* **WORK INSTRUCTION**
In the records below, find the line with "Spalted maple –" and repeat exactly every line from it through the line with "这样的一个聊天室相对来说比较". Pictures stay out.

*** DATA FOR PROCESSING ***

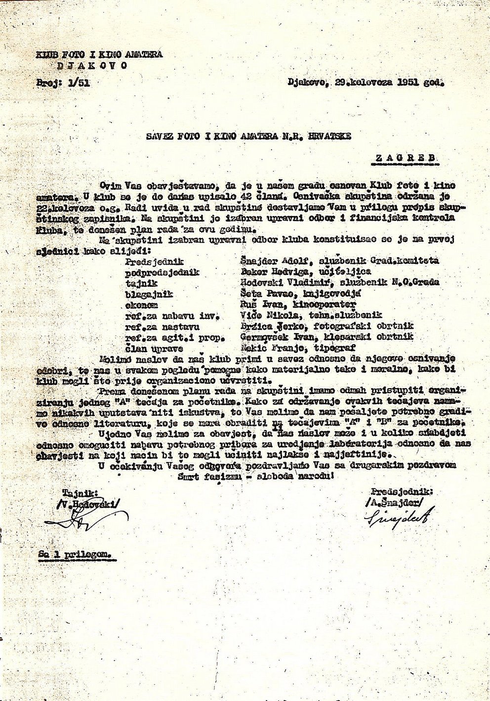 Grupa ljubitelja fotografije odlučila je mjeseca kolovoza 1951. sazvati Osnivačku skupštinu KLUBA FOTO I KINO AMATERA u ÐAKOVU. To se i dogodilo 22. kolovoza o čemu svjedoči pismo upućeno Savezu foto i kino amatera Narodne republike Hrvatske u Zagrebu. Od tada Klub neprekidno radi – u početku više prevladava fotoamaterizam. Tek koncem 50-ih godina privatnom kamerom Ivana Germovšeka – mini kamerom za uski film 2×8 mm razvija se i filmski amaterizam.
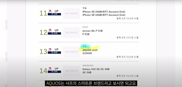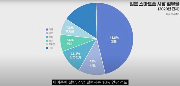 리뷰에 앞서 뻘짓은 "일본의 주간 스마트폰 판매 랭킹을 보면 1위부터 11위까지가 전부 아이폰이다. 2020년 시장 점유율을 봐도 아이폰이 절반을 차지하고, 그 나머지를 삼성 갤럭시(11.1%)와 샤프(12%), 소니(7.6%), 후지쯔(7.3%) 등 일본 토종기업들이 나눠먹고 있다"고 일본의 스마트폰 시장을 설명했다.
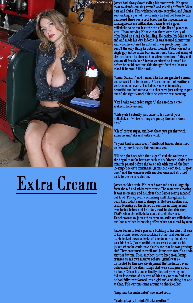 James began to feel a pressure building in his chest. It was if his denim jacket was shrinking but no that couldn't be it. He looked down as locks of blonde hair spilled down past his head. James undid the top two buttons on his jacket where he could now plainly see that he was growing tits! They continued to swell and James was forced to undo another button. Then another just to keep from being crushed by his own massive breasts. James was so distracted by this new development that he hadn't even noticed all of the other things that were changing about his body. When his boobs finally stopped growing he did an inspection of the rest of his body only to find that he had fully transformed into a girl and a smoking hot one at that. The waitress came around to check on her.
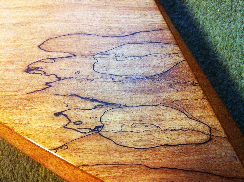 Spalted maple – This most often occurs when different fungi found in the wood interact and put up barriers (zone lines) to protect their resources.
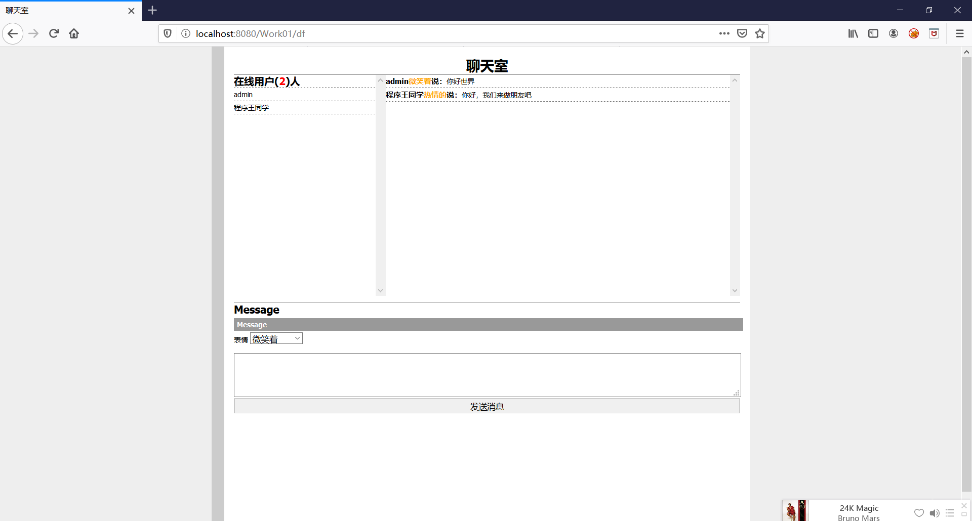 这样的一个聊天室相对来说比较简单,没有连接数据库,页面也只是拥有了一个初步的交互功能,当做练习来说也可以了,可以熟悉一下Struts2的框架的使用
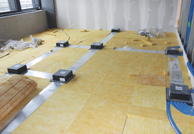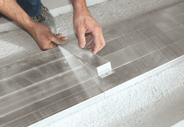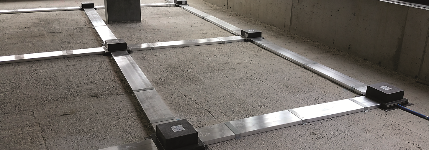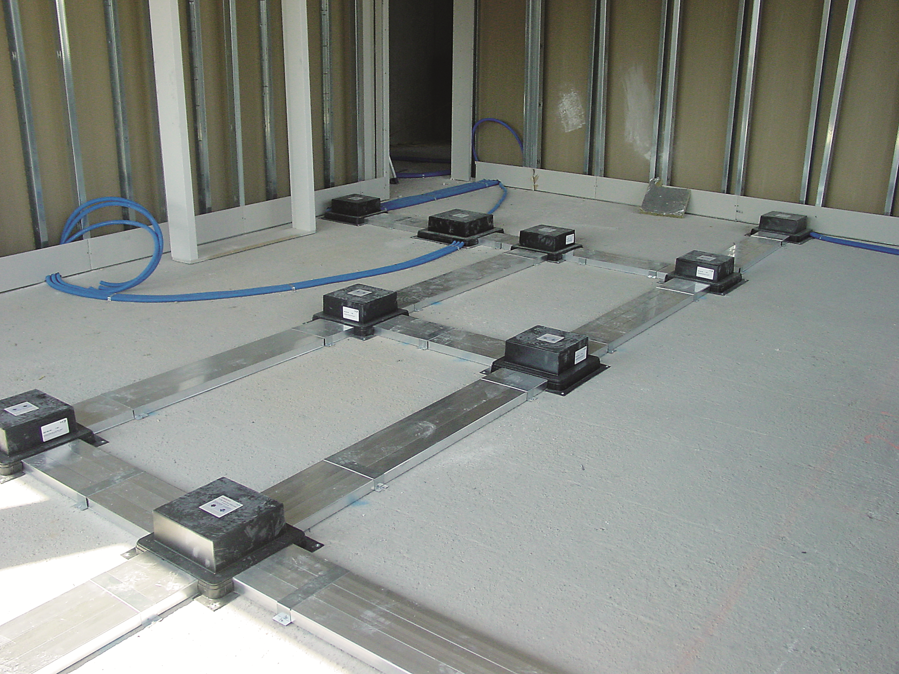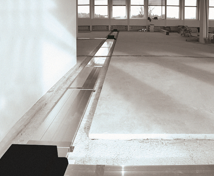Die Montage des UFK-Systems ist denkbar einfach und zeitsparend. Die geplanten Kanalwege sowie die relevanten Stellen für Zug- und Gerätedosen werden auf dem Boden markiert. Die Aluminium-Profile können auf dem Boden ausgelegt und die Einbau-Boxen an den Ecken befestigt werden. Danach lassen sich die benötigten Kanallängen ermitteln und die Kanäle mit Hilfe der Befestigungsbriden auf dem Untergrund befestigen.

*** End of DATA FOR PROCESSING ***

* **WRITTEN SOLUTION**
 Spalted maple – This most often occurs when different fungi found in the wood interact and put up barriers (zone lines) to protect their resources.
 这样的一个聊天室相对来说比较简单,没有连接数据库,页面也只是拥有了一个初步的交互功能,当做练习来说也可以了,可以熟悉一下Struts2的框架的使用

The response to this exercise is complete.